- **TASK ITEM**
The reply should contain all the data below, repeated exactly, and none of the images.

- **RAW DATA**

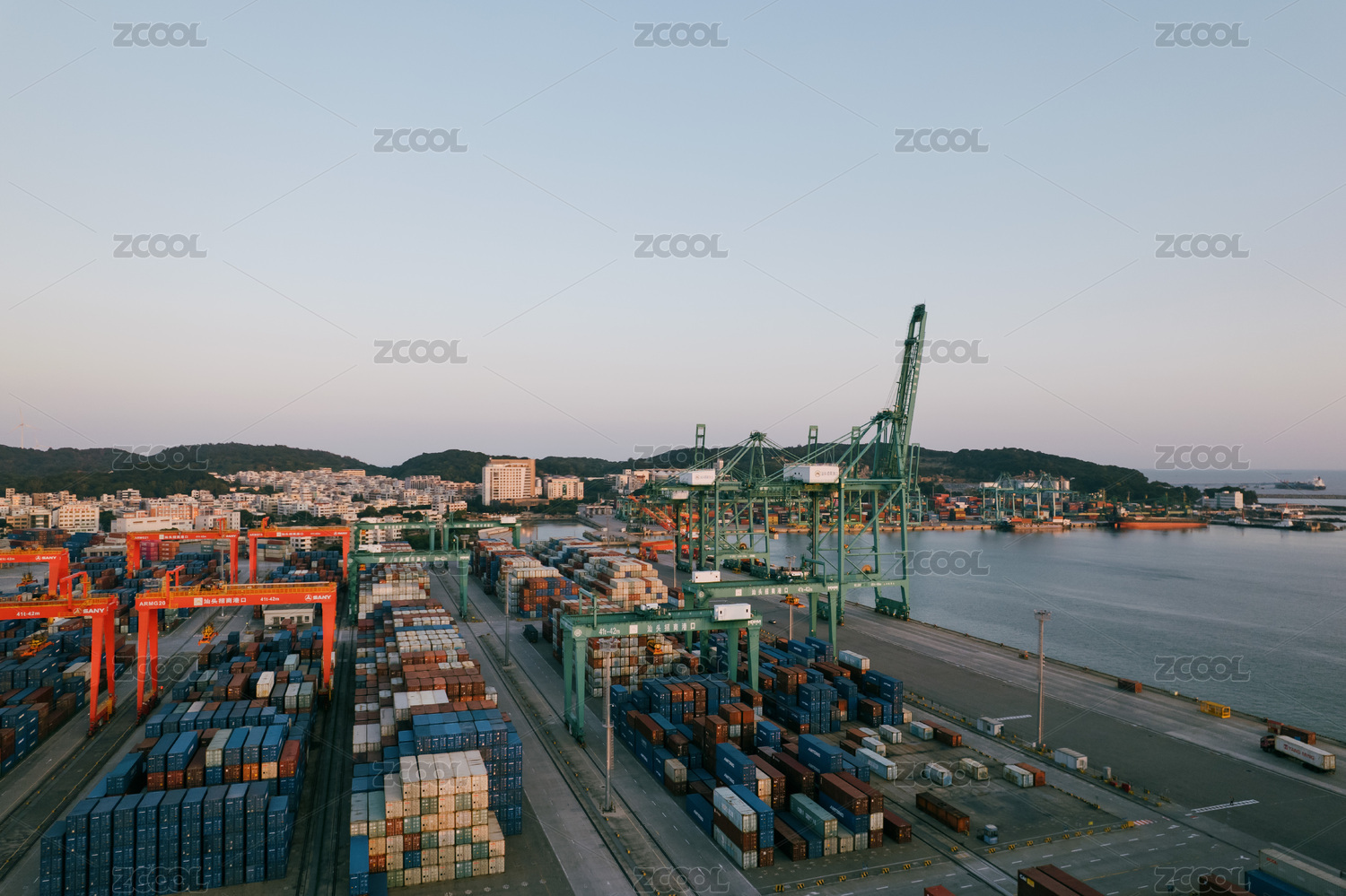 上海洋山港码头集装箱阵列浩大,运输繁忙
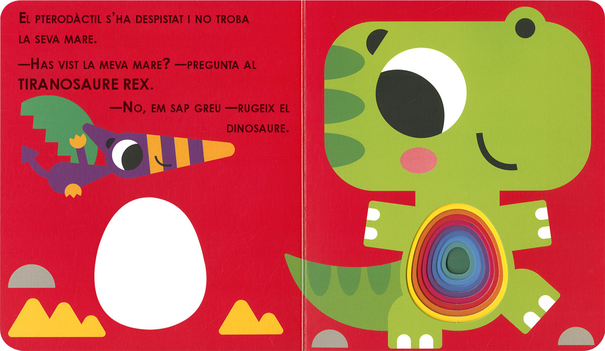 El petit pterodàctil s?ha perdut i no troba la seva mare. La trobarà? Descobreix-ho amb aquest llibre de cartró de pàgines encunyades i acolorides il·lustracions, ideal per als més petits i petites de la casa.
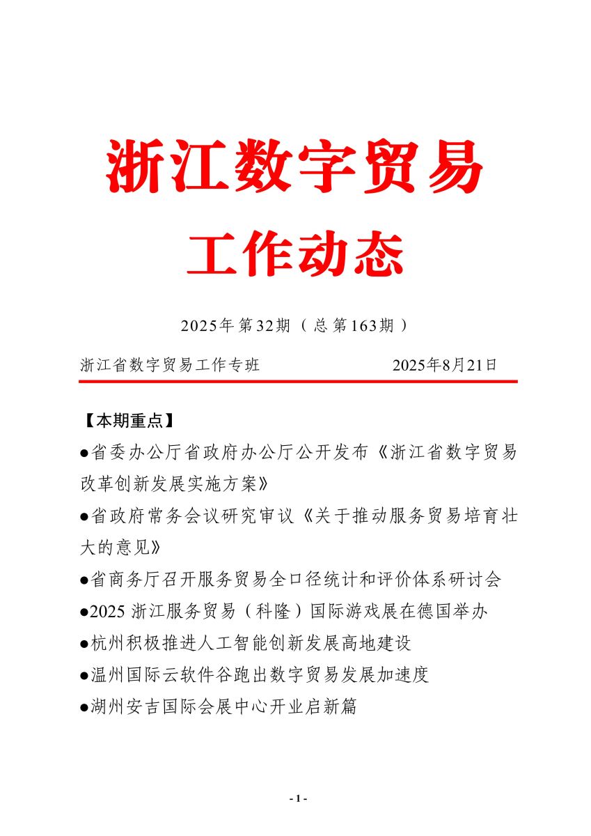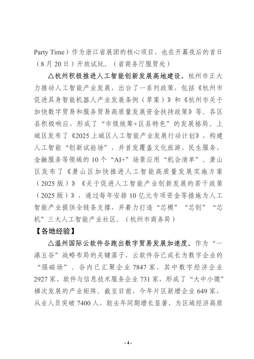 浙江数字贸易简报(第一百六十三期) 时间: 2025/8/22 16:35:26 浏览量: |

- **ANSWER BOX**
 上海洋山港码头集装箱阵列浩大,运输繁忙
 El petit pterodàctil s?ha perdut i no troba la seva mare. La trobarà? Descobreix-ho amb aquest llibre de cartró de pàgines encunyades i acolorides il·lustracions, ideal per als més petits i petites de la casa.
 浙江数字贸易简报(第一百六十三期) 时间: 2025/8/22 16:35:26 浏览量: |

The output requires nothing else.